Well over a decade and a half ahead of all the hype that happens today. So, where are you today? What are you doing?
Well, I get a chance to interview Matt.
He is the chief AI officer of NLP Logics, which is a machine learning and AI company that was founded all the way back in 2011.
And over the next 10 to 15 minutes here, you get to hear some of the questions that I've asked as well as my own interpretations of the AI age. Enjoy.
Well, thank you so much, Matt, for joining today. Um I'm just going to dive straight into the questions. Now, for question one, for anyone watching who doesn't know you, you didn't come up in the chat GPT wave. Walk me back to when you first decided machine learning was the thing you wanted to build a company around. What were you seeing that nobody else was and when was this?
Yeah, this was going back um probably 2008, nine, and 10. I would say, you know, for for my little slice of the world, it was um like my background was software engineering in general.
And um you know, we'd spent a lot of time building applications that were really focused on managing data, you know, um letting users enter data, edit data, maintain data. And then obviously, you know, that was about the time when big data was the was the theme because everybody's collecting data and storage and and latency and and access and analytics were just becoming kind of the new problems. Um and so I think to me what was interesting at that point in time was like was pretty much this big question, which was we have all this data and kind of now what, you know, um and that's when I we kind of got, you know, I personally kind of got, I don't know, a little bit obsessed honestly with machine learning because it was at that time, um you know, it felt kind of magical, I think, because it was it was, you know, showing the ability, right, to predict the future. I don't know, you know, that's kind of how I think about it sometimes. It's just like, especially at that time, it was like, man, you know, we're we're getting a glimpse of the future of using data to predict the future. And if you can predict the future from a business standpoint, you know, obviously, you can make a lot of better decisions, and you can optimize things differently.
So, that that to me takes us to 2011, and that's when we started the company, but it's also at that time, you know, I look back, and I'm just amazed because, you know, there's a company called um Kaggle that that focused on like machine learning competitions and hosting them.
And it I'm just so fascinated still that that was actually a thing because it was basically, you know, companies like Facebook or Meta and Microsoft and GE and and just these big companies that today have research labs focused on this stuff, but in 2011, they were basically like, yeah, you know, we have data, but we don't really understand how to solve these problems.
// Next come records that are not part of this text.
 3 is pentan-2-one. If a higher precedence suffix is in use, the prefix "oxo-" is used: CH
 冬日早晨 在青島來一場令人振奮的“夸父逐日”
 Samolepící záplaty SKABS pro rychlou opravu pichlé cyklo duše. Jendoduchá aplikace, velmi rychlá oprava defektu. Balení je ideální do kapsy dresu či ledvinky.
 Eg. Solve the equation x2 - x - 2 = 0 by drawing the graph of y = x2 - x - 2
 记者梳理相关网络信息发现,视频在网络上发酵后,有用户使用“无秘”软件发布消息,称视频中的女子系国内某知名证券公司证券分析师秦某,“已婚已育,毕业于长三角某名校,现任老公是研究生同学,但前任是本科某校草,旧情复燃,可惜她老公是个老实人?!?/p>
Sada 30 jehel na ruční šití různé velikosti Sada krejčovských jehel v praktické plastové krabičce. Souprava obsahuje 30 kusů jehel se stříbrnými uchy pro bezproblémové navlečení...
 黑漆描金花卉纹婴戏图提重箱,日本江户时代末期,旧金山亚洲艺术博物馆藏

And so, you know, Ted and I saw the opportunity of saying, yeah, it's not just building models and solving these problems using machine learning, but but, you know, how do you deliver that value back to the business? And of course, that means scaling it and supporting it, maintaining it, integrating it, and driving outcomes.
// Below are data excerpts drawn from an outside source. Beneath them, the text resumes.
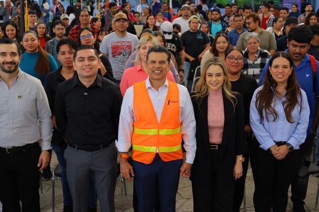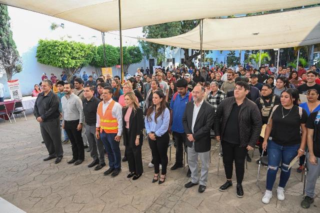 El alcalde Eduardo Gattás Báez, en compañía de su esposa Lucy de Gattás, y representante de la Cámara Nacional de Comercio local, presidió el evento protocolario en la explanada de la Presidencia Municipal, donde se instalaron módulos informativos para ocupación laboral.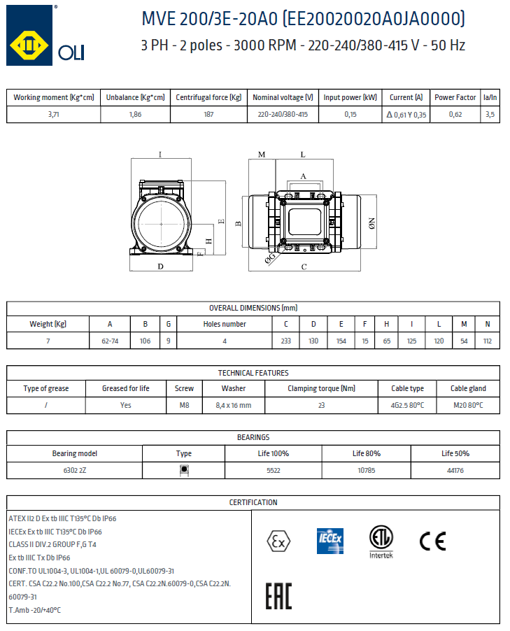 VIBRATOR ELECTRIC MVE 200/3 - 3 PH - 2 POLES - 3000 RPM - 220-240/380-415 V -50 Hz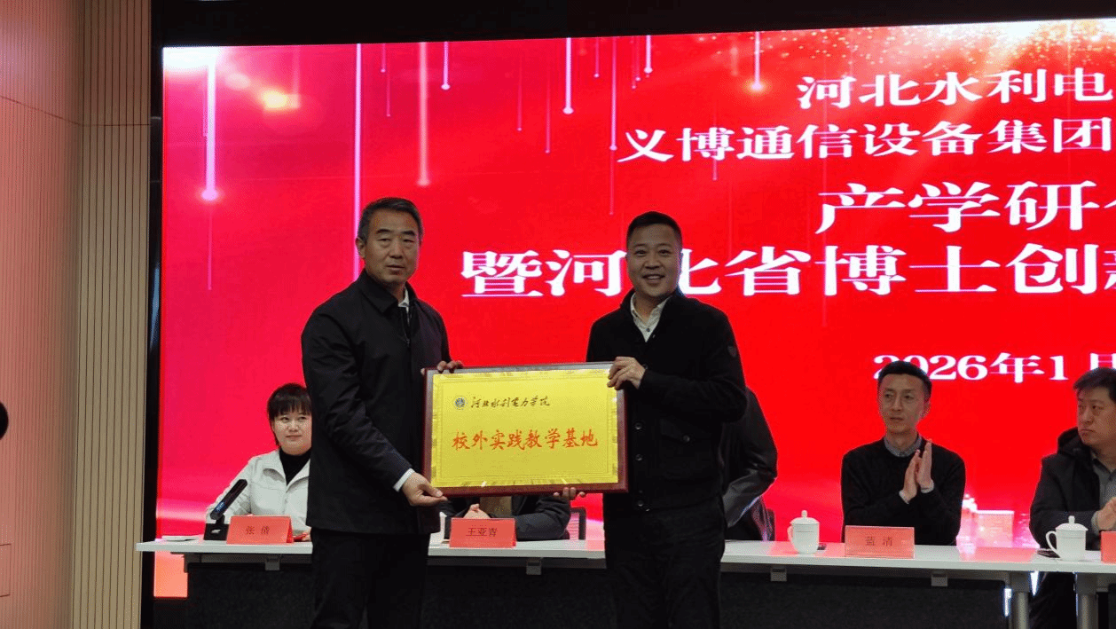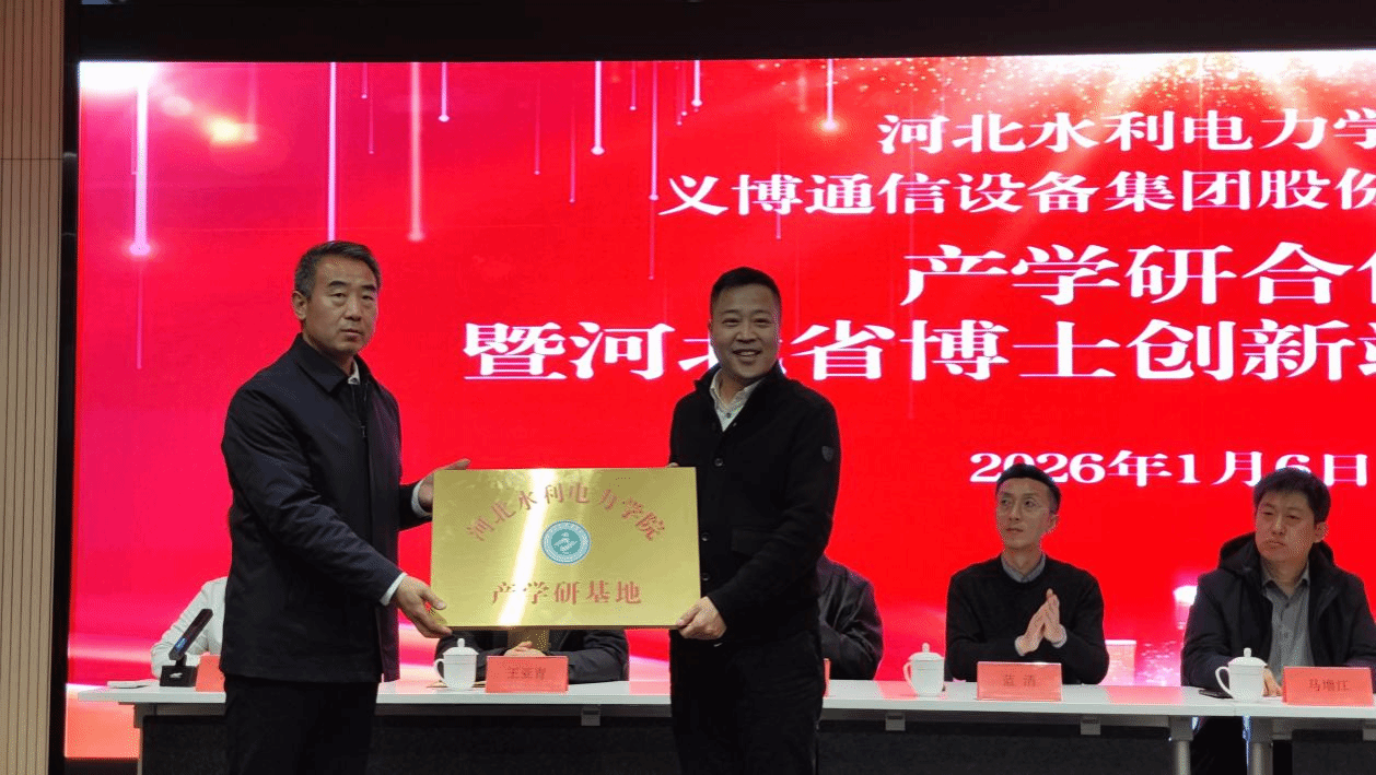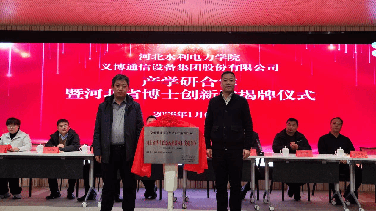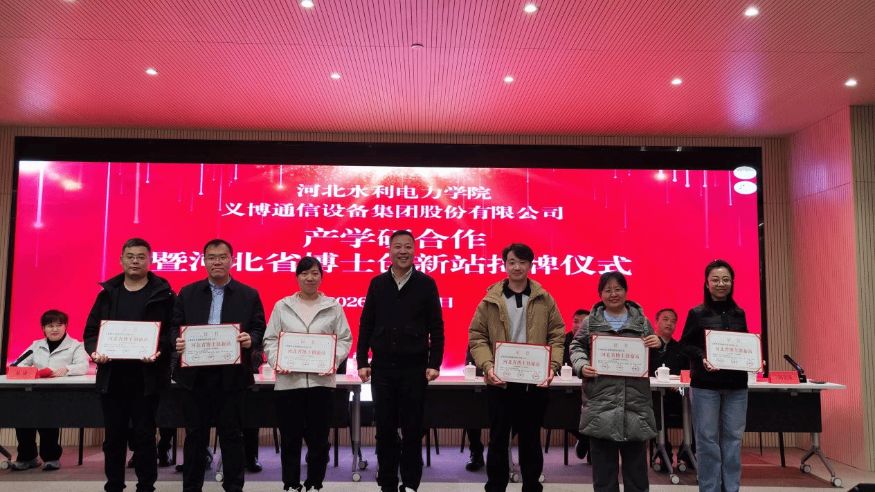 2026年1月6日,河北水利电力学院与义博通信设备集团股份有限公司产学研合作暨河北省博士创新站揭牌仪式隆重举行。这标志着我系在深化产教融合、推动科技创新与产业发展深度融合方面迈出了坚实步伐,为自动化等优势学科专业的成果转化与人才培养搭建了高端平台。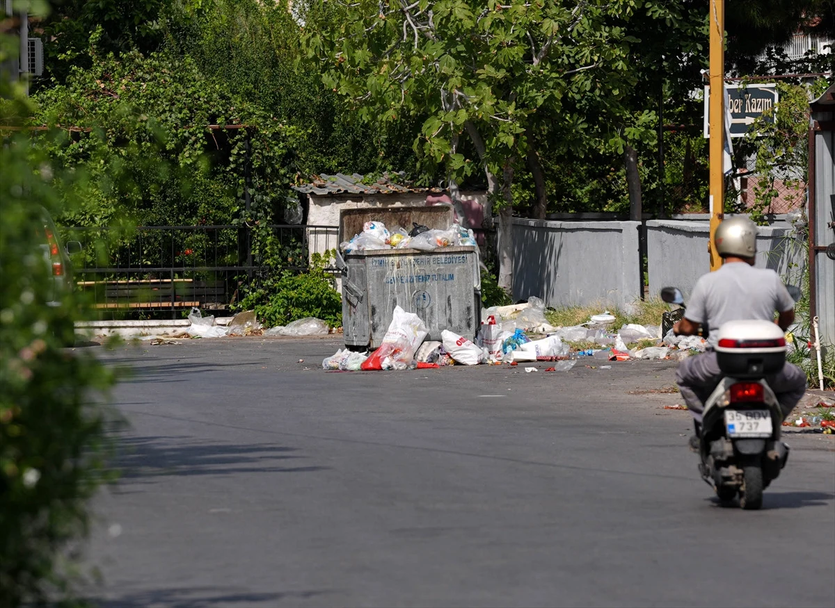 Çöplerin toplanma aralığının uzaması üzerine çöp kutuları doldu, çöpler kutuların etrafına taştı. Çiğli Belediyesi'nin hizmet binası yakınlarında bulunan çöp kutularında da doluluk nedeniyle vatandaşlar atık poşetlerini yerlere bıraktı.
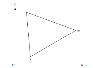 | $ \left\{ \begin{array}{l} {a_i} = {y_i} - {y_m},{b_i} = {x_m} - {x_n}\\ {a_j} = {y_m} - {y_i},{b_j} = {x_i} - {x_m}\\ {a_m} = {y_i} - {y_j},{b_m} = {x_j} - {x_i}\\ \Delta = \frac{1}{2}\left( {{a_i}{b_j} - {a_j}{b_i}} \right) \end{array} \right. $ |

And so, that to me is how I think of the genesis story is just, you know, um see seeing the data and seeing that there's so much value to be unlocked and and delivered back to the business and just getting real excited about helping our customers do that.
No, I love the narrative there, right?
This concept, which is it started with curiosity, and it came with more questions, not less, right? In a world full of answers, questions become valuable. Uh and I think you did an amazing job describing the what and why, but I guess the other question could be like imagine you get invited to a cookout or small party.
When someone asks you what NLP Logics does, how do you actually answer? Has that answer changed in the last few years because now GenAI is is a thing or is it pretty much pretty much always been the same thing? I to me I think it's it's it's probably changed a little bit in how we say it but I think in spirit it's it's it's generally the same but I think we've got tighter as far as how we see our our place in the world.
And that's really to help our customers solve their problems. You know, so um they in a course today that it's almost like implied that's going to mean technology and AI.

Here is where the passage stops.